Simplify the last fraction through the product of 'cosines' to find the celebrated formula
\tan(a-b)=\frac{\tan a-\tan b}{1+\tan a\tan b}
Substitute in the last identity:
a\rightarrow \arctan x;b\rightarrow \arctan y
,make use of the fact that "tan",on the interval give in the problem is a uniform function and get exactly the formula u would get if taking "tan" from the identity u need to prove.

Daniel.

PS.Trigonometry is beauty...

 

[DivGradCurl]

Thanks for your input, Daniel.

Let me see if I understand it...

\arctan x - \arctan y = \arctan \frac{x-y}{1+xy} \qquad (1)​

x - y = \frac{x-y}{1+xy} \qquad (2)​

\tan \left( x - y \right) = \tan \left( \frac{x-y}{1+xy} \right) \qquad (3)​

\tan \left( x - y \right) = \frac{\sin \left( x - y \right)}{\cos \left( x - y \right)} \qquad (4)​

\tan \left( x - y \right) = \frac{\sin x \cos y - \cos x \sin y}{\cos x \cos y + \sin x \sin y} \qquad (5)​

\tan \left( x - y \right) = \left( \frac{\frac{1}{\cos x \cos y}}{\frac{1}{\cos x \cos y}} \right) \frac{\sin x \cos y - \cos x \sin y}{\cos x \cos y + \sin x \sin y} \qquad (6)​

\tan \left( x - y \right) = \frac{\tan x - \tan y}{1 + \tan x \tan y} \qquad (7)​

\arctan x - \arctan y = \arctan \frac{x-y}{1+xy} \qquad (8)​

 

[dextercioby]

U didn't. I can't explain in another way the bunch of c*** at numbers (2) and (3)...

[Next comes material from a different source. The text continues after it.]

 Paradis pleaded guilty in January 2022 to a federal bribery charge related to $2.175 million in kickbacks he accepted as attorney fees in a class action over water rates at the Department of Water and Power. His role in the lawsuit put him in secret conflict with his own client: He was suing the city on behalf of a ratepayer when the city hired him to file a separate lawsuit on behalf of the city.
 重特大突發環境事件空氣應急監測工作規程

Formulas (4) pp.(7) give a proof for the trigonometrical identity that can be used to prove your identity.I stated that proof just to let u know i didn't invent it nor rediscovered it hundreds of years later.

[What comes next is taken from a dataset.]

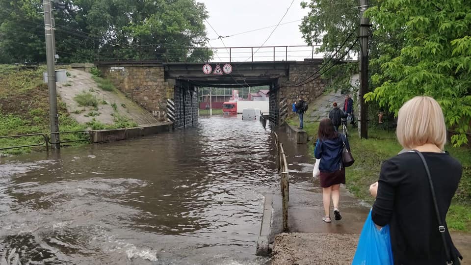 Жители города в соцсетях опубликовали фото и видео затопленных улиц, передает Час Пик.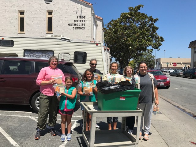Girl Scouts donated them to Dorothy’s Kitchen and also passed out about 55 bagged lunches with boxes of cookies to the needy during First United Methodist Church’s lunch service to the homeless.

I said to apply tangent on both sides of your identity:
\tan(\arctan x-\arctan y) =\tan[\arctan(\frac{x-y}{1+xy})]

`Work the left hand side using the formula I've given proof:
\tan(\arctan x-\arctan y) =\frac{\tan(\arctan x)-\tan(\arctan y)}{1+\tan(\arctan x)\tan(\arctan y)}=\frac{x-y}{1+xy} (1)

Work the right hand side:
\tan[\arctan(\frac{x-y}{1+xy})] =\frac{x-y}{1+xy} (2)

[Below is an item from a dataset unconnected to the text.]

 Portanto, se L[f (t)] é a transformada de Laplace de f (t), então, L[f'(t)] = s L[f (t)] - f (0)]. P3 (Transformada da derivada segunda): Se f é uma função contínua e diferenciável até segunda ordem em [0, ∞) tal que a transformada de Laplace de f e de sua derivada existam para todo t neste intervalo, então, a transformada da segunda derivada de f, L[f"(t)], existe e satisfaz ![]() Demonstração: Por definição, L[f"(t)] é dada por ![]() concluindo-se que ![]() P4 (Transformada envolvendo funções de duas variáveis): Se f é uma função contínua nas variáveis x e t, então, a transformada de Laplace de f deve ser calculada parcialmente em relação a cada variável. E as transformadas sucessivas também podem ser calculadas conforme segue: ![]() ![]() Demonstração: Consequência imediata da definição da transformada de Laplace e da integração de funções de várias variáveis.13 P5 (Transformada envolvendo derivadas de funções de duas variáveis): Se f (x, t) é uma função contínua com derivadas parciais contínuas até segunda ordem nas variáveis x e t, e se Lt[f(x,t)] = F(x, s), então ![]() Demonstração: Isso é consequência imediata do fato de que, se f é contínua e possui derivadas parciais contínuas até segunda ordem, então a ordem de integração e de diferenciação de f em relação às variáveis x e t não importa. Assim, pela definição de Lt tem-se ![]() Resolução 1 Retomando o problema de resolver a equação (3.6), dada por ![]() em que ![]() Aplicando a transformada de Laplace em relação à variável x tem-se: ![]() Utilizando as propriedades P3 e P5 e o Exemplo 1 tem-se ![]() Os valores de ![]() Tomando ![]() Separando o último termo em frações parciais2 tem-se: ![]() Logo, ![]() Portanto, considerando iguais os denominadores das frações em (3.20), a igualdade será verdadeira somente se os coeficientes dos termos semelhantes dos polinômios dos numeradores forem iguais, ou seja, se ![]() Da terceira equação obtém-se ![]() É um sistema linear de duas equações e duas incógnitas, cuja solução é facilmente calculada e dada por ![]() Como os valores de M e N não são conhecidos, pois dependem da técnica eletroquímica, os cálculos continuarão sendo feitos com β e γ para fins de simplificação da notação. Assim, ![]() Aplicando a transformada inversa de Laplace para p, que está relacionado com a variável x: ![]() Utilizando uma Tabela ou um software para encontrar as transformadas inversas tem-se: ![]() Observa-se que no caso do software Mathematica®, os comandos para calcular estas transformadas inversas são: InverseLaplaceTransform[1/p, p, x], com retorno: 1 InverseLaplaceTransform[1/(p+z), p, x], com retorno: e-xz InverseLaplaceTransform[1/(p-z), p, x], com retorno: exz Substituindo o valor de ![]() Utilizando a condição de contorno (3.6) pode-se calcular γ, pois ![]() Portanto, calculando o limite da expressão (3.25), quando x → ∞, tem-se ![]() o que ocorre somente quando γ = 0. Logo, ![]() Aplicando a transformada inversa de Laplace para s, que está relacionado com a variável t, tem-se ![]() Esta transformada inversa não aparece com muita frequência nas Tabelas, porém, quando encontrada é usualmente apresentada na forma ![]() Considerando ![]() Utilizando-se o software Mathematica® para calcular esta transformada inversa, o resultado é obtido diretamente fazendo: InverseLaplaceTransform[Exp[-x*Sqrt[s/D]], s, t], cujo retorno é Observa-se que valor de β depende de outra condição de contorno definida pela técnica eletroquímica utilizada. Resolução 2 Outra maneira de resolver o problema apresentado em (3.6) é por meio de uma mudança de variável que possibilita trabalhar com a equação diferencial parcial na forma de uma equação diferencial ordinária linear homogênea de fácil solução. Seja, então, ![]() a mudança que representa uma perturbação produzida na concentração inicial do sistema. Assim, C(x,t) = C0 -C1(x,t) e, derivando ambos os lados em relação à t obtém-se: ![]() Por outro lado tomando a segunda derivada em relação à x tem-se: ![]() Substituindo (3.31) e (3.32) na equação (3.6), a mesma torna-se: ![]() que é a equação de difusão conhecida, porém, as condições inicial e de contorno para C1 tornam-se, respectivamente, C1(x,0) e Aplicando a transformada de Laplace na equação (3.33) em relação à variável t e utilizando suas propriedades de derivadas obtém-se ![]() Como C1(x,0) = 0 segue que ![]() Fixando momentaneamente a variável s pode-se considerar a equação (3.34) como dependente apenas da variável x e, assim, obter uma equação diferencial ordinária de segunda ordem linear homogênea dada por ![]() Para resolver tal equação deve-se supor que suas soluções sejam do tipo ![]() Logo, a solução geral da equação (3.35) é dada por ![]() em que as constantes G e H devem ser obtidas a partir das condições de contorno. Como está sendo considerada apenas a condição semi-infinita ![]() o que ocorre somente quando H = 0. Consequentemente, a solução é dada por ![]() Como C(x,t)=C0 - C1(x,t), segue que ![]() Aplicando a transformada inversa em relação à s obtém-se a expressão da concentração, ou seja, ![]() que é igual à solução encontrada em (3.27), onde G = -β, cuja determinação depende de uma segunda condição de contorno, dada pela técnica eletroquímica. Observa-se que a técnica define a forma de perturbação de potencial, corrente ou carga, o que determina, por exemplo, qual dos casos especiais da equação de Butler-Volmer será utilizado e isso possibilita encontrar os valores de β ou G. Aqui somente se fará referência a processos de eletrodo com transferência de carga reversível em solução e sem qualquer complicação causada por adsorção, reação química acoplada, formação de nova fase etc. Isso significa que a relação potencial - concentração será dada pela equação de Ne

Interpretation of the relations (1) and (2) is that you have shown that:
\tan A=C (1') \tan B=C (2')(3)
From (3) it follows immediately
\tan A=\tan B (4)
From (4) and from tha fact that on the interval (-\frac{\pi}{2},\frac{\pi}{2}) the function "tan" is a uniform/surjective function,u get that
A=B (5)
,which is nothing but your identity in symbolic form.

Daniel.

 

[DivGradCurl]

Oh... I now see what you mean. Thank you.